A universal granular method to breakdown text for modeling

My gut feeling is one thing but,

Is there a way to breakdown text into the most granular form that can be applied to any model? (For instance IOB, tagging, tokens etc?)

hey @Joanna if i understand correctly, your question is fundamentally about the manner in which we tokenize raw text into tokens right? for example, BERT uses a WordPiece tokenizer that can be used for all downstream tasks, provided some alignment between the tokens and labels is given for tasks like NER.

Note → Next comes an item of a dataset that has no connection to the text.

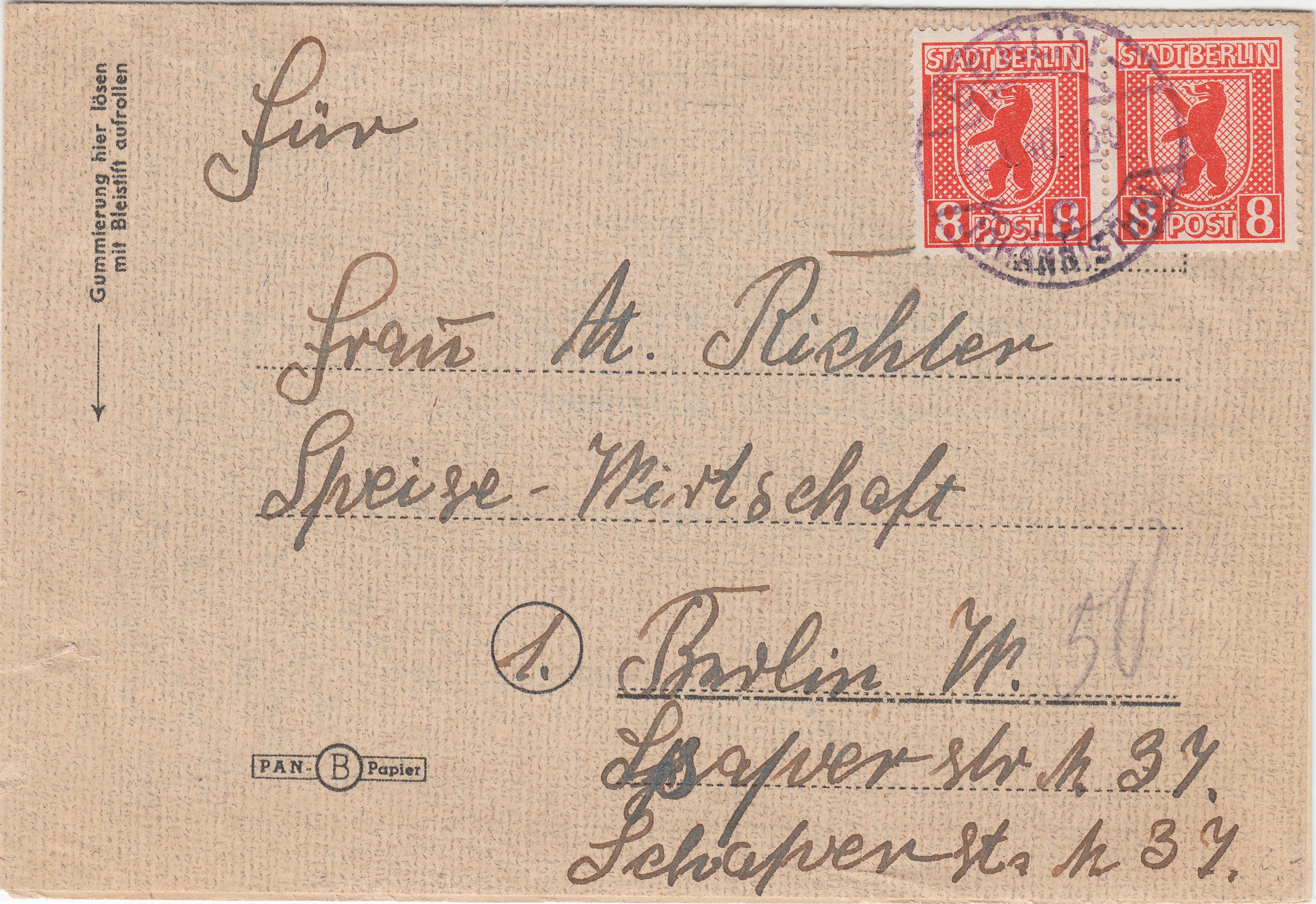 Paar der MiNr. 3 A, am 21.04.1946 portorichtig auf Ortsbrief (16 Pf) in Berlin gelaufen.

there’s a nice walkthrough the various tokenization strategies that are employed in transformers here: Summary of the tokenizers — transformers 4.5.0.dev0 documentation

Thank you @lewtun this is really helpful and straight forward. Depending on the goal and purpose of processing text, do you think tokenizing one way could then be passed into a NLTK, spaCy, or HuggingFace model? Or breaking down text into some format to move through/across multiple models from various software libraries? (thank you again, I have so much respect for Hugging Face!)

this idea of having interoperable tokenizers is an interesting one, although there’s a lot more involved when interfacing with the API of each framework and tokenization doesn’t seem to be the bottleneck across them. you might be interested in checking out the :hugs: Tokenizers library (link) which is framework-agnostic and quite versatile

Thank you, what do you think would be the bottleneck?

as far as interoperability across frameworks is concerned, here’s a few examples that i’ve personally ran into before:

  • training a model in one framework (e.g. transformers) and re-using it in another (e.g. scikit-learn)
  • using components from one framework in another, e.g. using components from transformers or spacy inside scikit-learn pipelines

for approaches that try to address these issues, you might find ONNX and [tokenwiser](GitHub - koaning/tokenwiser: Bag of, not words, but tricks!) of interest.